There is a certain homogeneous temporality often elaborated in the field of performing arts. This
characteristic potentiates the neutrality of performative states and narrative constructions, which can dangerously ignore differences between human beings and their historical contexts. My perspective is that neutrality is caused due to a traditional understanding of time, space, and matter elaborated by an American-Eurocentric view. I will call into question the definition of the Anthropocene and the relationship between humanity and the environment towards a metaphysical level of extinction. What does it mean to seek a state of neutrality, and what are the implications underlined in its discourse? How can we emancipate the individual from the universal? How could changing the perspective of time, space and matter help us to take a new approach towards extinction?
Shedding lights with quantum field theory, posthumanism, and decolonial studies, my research question is elaborated as follows: How can the performing arts apply the deconstruction of time, offered by quantum field theory, as dramaturgical strategies to address the climate crisis and disrupt the idea of a neutral temporality? There is a tendency, in Western thinking, to universalize humankind and societies under an absolute state of time, space and matter. In doing so, the very idea of extinction is projected into a time that is neither here nor now, furthermore, it assumes a neutral consequence among humanity, ignoring differences, which could, in turn, trigger the erasure of histories.
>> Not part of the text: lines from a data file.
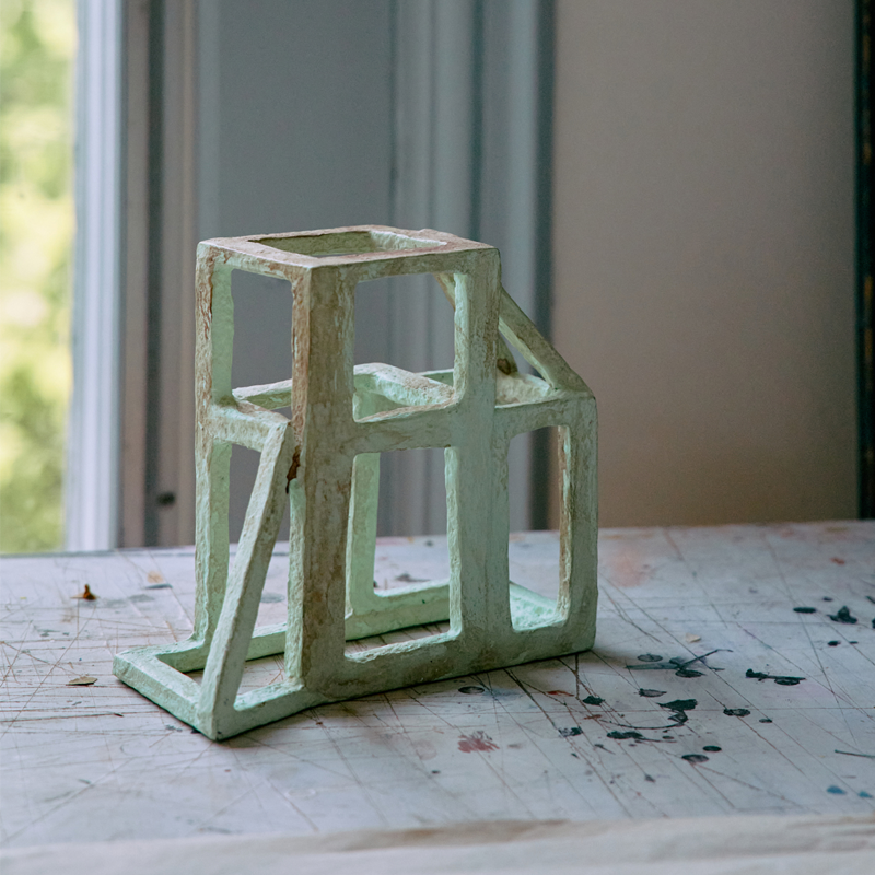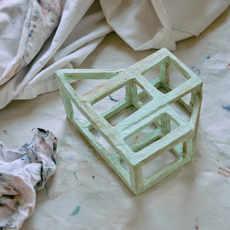 Built from paper-mâché and shaped with an architectural edge, this sculpture embodies creative exploration in its rawest form. A tactile statement piece with sculptural lines and artistic tension—ideal for anyone who finds beauty in the unfinished.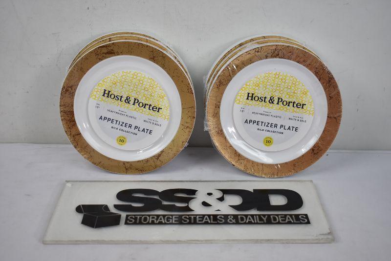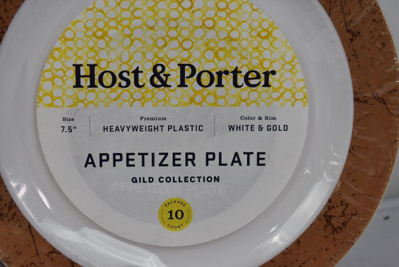 Host & Porter Gold Rim Plastic Salad Plates, 7.5", 6 packages, 10 Count Each, $18 Retail - New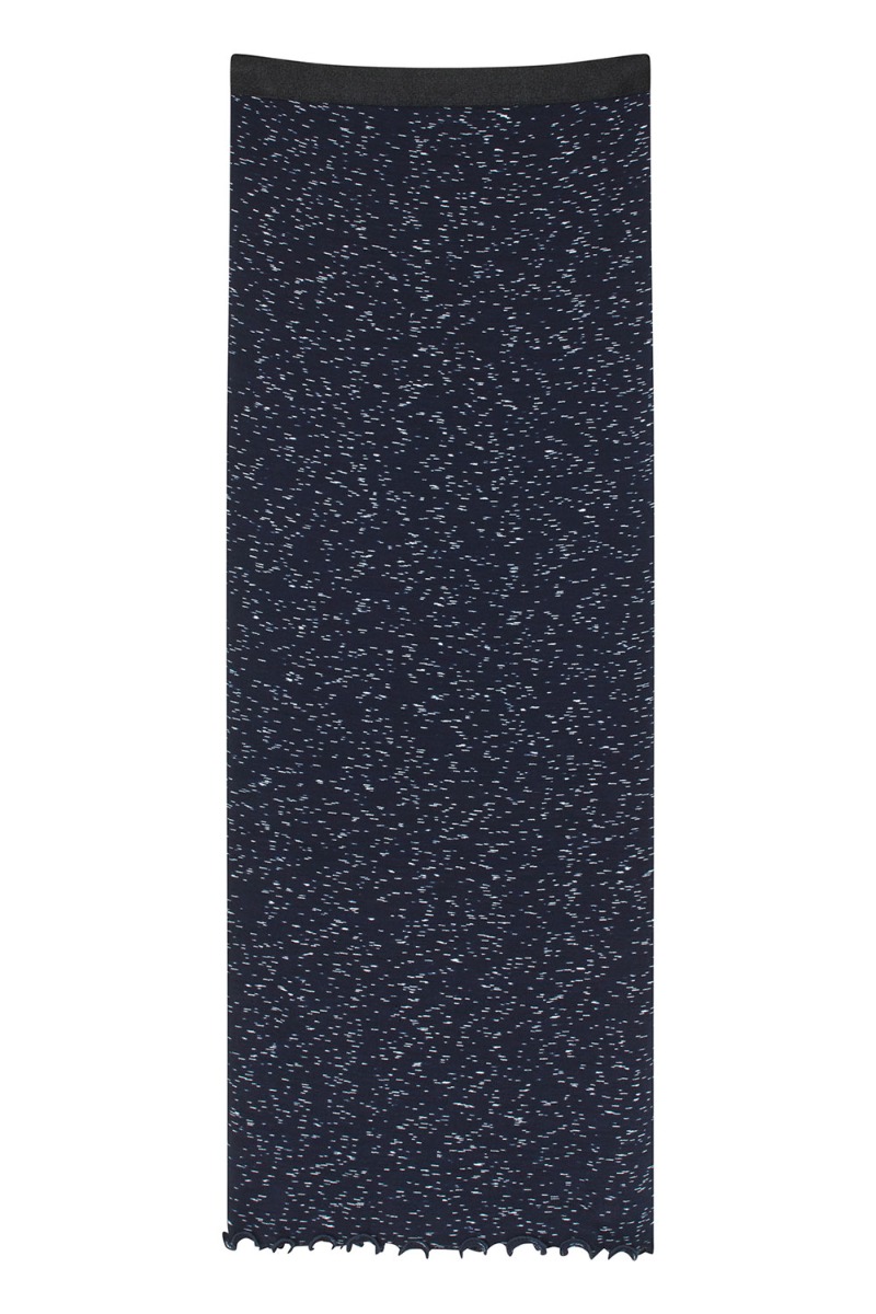 Den lækreste nederdel fra Mads Nørgaard. Den er i den lækreste ribkvalitet og med et fast stykke elastik i taljen og en lille bølgekant forneden. Den er mørkeblå med hvide "stjerner" på og du kan finde matchende bluse til, så du kan skabe et helt sæt.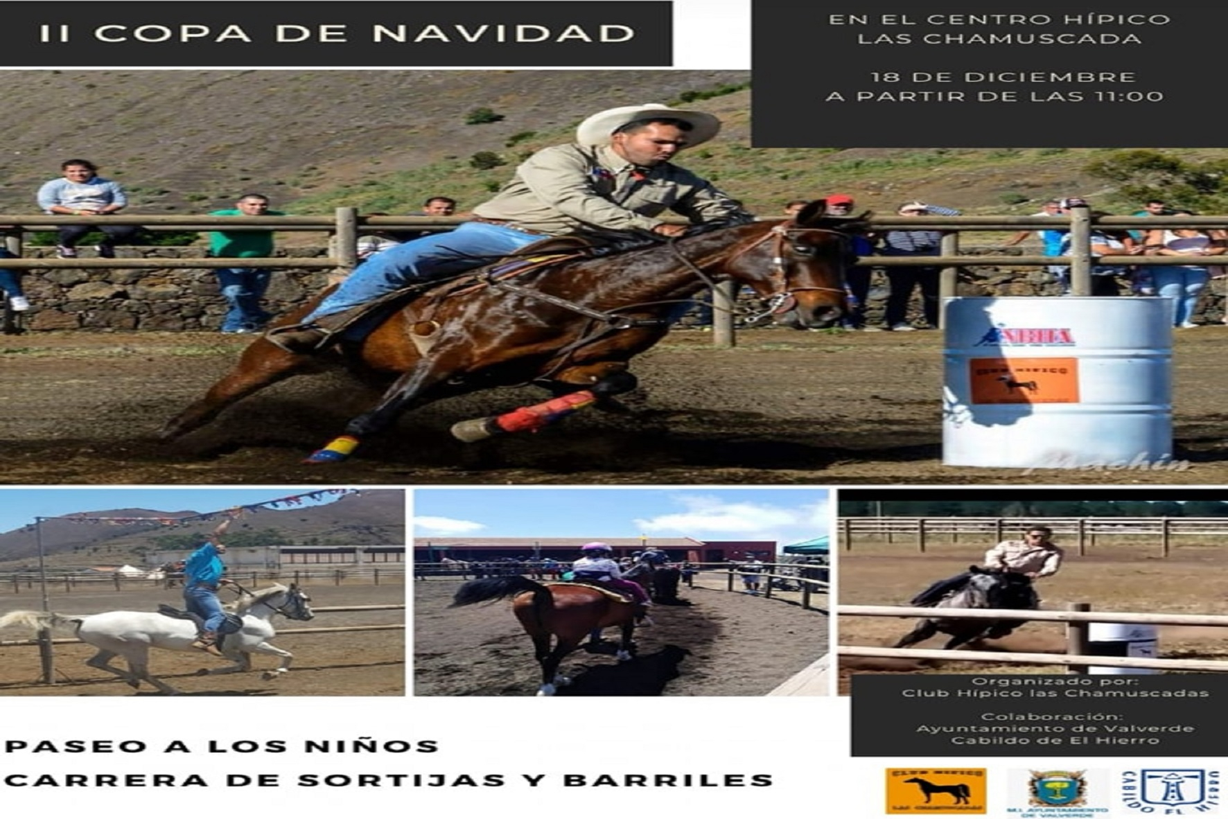 El Ayuntamiento de Valverde anuncia la celebración de La Segunda Edición de La Copa de Navidad de Hípica, que se celebrará este sábado 18 de diciembre, en las instalaciones ecuestres de San Andrés, a partir de las 11 de la mañana.

As the quantum physicist and philosopher Karen Barad argues:
“To place the apocalypse before us, to think that it lies only in our imagination, that we are haunted by its possibility still unrealized, is to reiterate not only a very particular telling of time and history, but a particularly privileged “we,” complicit in regimes of erasure.”1
The misleading aspect of neutrality takes place when it is assumed to have a certain privileged ‘we’ as a standard model to which the ‘others’ should relate. In the case of extinction, it comes to account when it is placed on an imaginary future and including all human beings at once, instead of acknowledging its ongoing differential states and dynamics in our contemporary society. As the example of the extinction of indigenous people, languages, and cultures as a result of colonization and the empowerment of capitalist systems. Hence, to understand the ongoingness of different narratives of extinction, I suggest reconfiguring the term neutrality, and to re-signify the relationship between human beings and the environment by putting into question the traditional understanding of time, space and matter.

1 Karen Barad: After the end of the world: Entangled nuclear colonialism, matters of force, and the material force of justice, 2020, p. 103.